This presentation by Dr. Minjie Zhu describes parallel computing with OpenSeesPy very well: https://youtu.be/vjGm2kM5Ihc
kangsungku
Posts: 4
Joined: Thu Jul 30, 2020 11:43 am

Re: Question on the best practice to run multiple OpenSeesPy sessions in parallel

Post by kangsungku »

I appreciate your response.

I reviewed the examples on the video, and the examples seem to be utilizing MPI to 1) run multiple analysis for the same model (i.e., the analysis performed on the same nodes/elements but with different sets of material properties, such that each MPI worker analyzes with each set of properties), or 2) analyze a single model with multiple MPI workers (i.e., partition a model into several pieces, such that each worker analyzes each peace of the model).

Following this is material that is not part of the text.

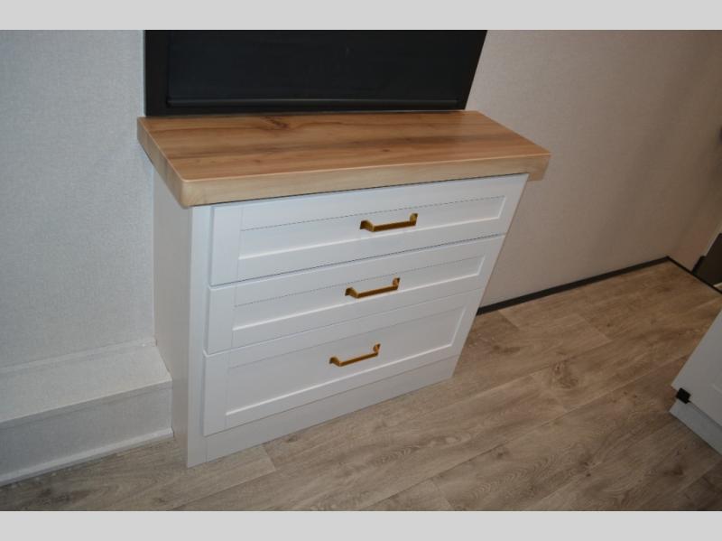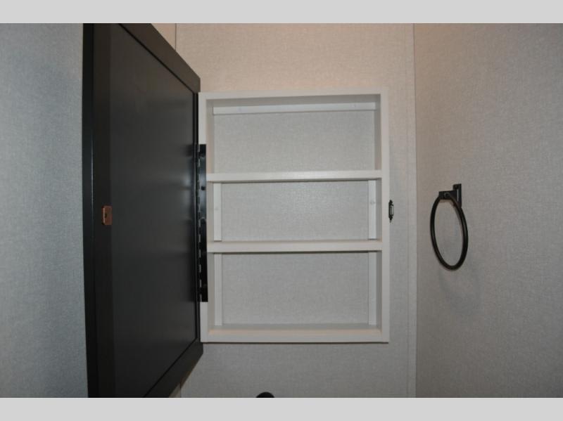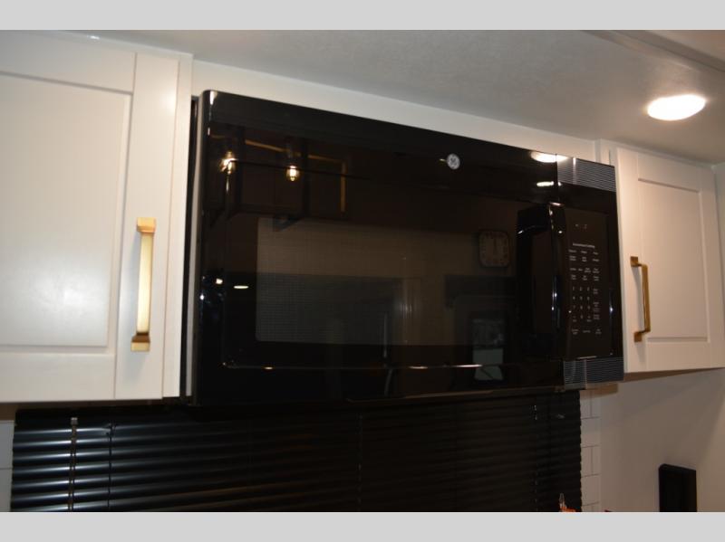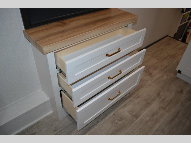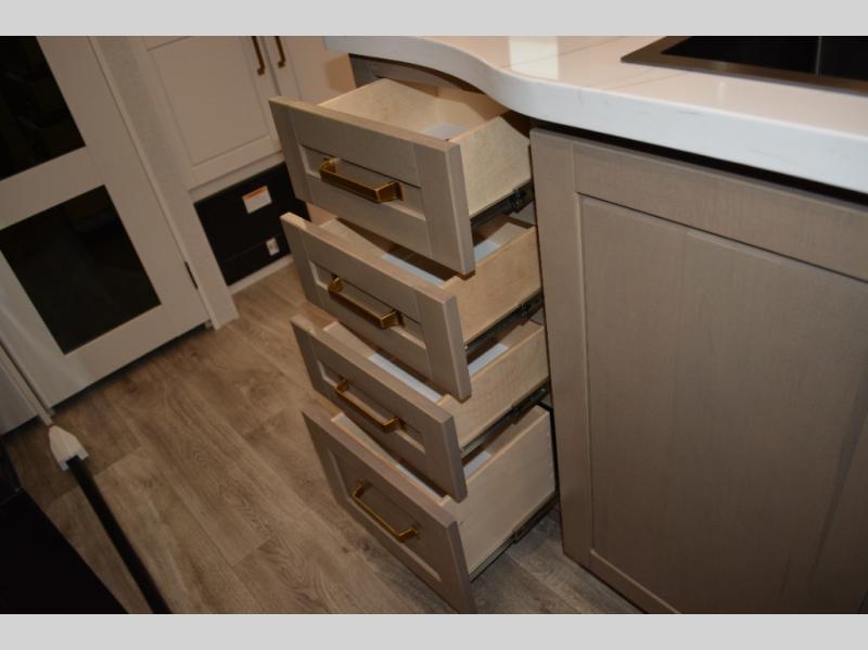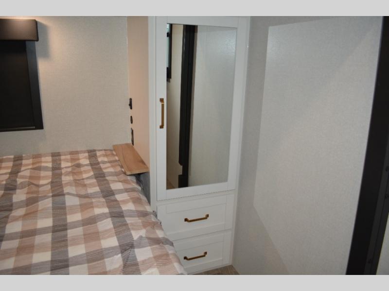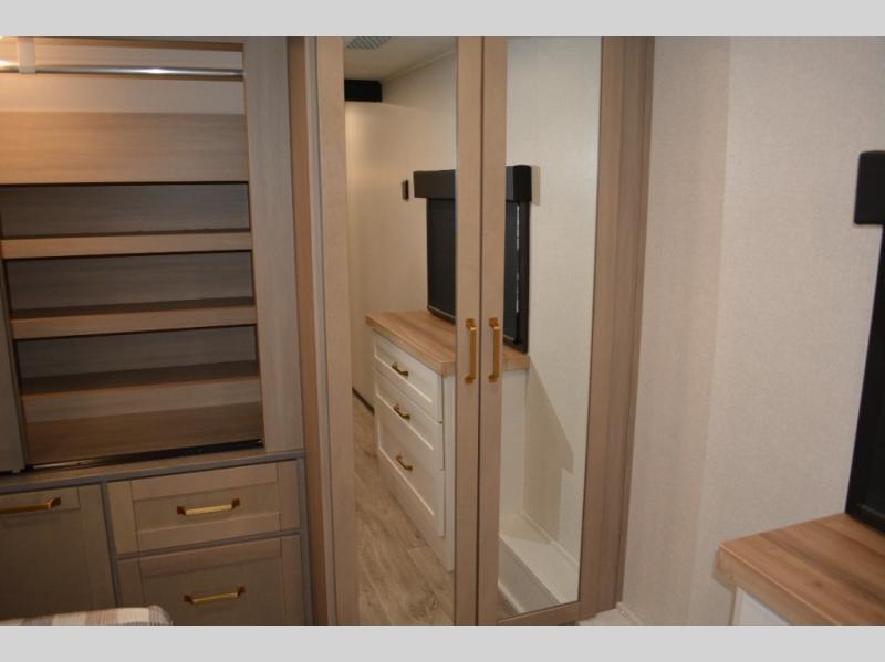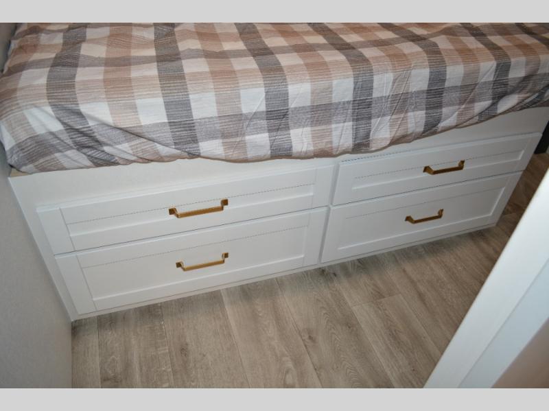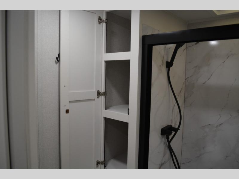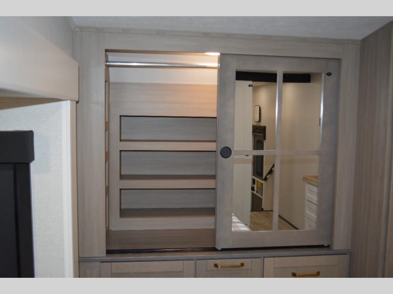 This fifth wheel is decked out in features you will love! The dual slides in the main living area create an open floorplan, and then there is a kitchen island that will make meal prepping easier. The theater seats plus table with chairs and a bench have a great view of the entertainment center and fireplace, and there is a ceiling fan here to keep the air moving. And did we mention there is an outside kitchen, complete with an outdoor refrigerator? This model also features a front private bedroom with a king bed slide out, a chest, and a front closet with convenient washer and dryer prep. There is also a rear private bunkhouse that has a 54" x 74" upper loft bed above a 66" x 80" Olympic bed with wardrobe storage drawers, as well as its very own half bathroom!

However, what I would like to do is to analyze different models (i.e., different sets of nodes/elements) in parallel, so each MPI worker should have its own set of nodes/elements. The issue is that different MPI worker seems to share the nodes/elements, which leads to the error like "node with tag xx already exists in model" (e.g., a node created by worker 1 seems to be visible to other workers).

I believe technically it is able to create separate interpreters for each MPI worker, so would like to know how to do it. Any comments or suggestions will be appreciated!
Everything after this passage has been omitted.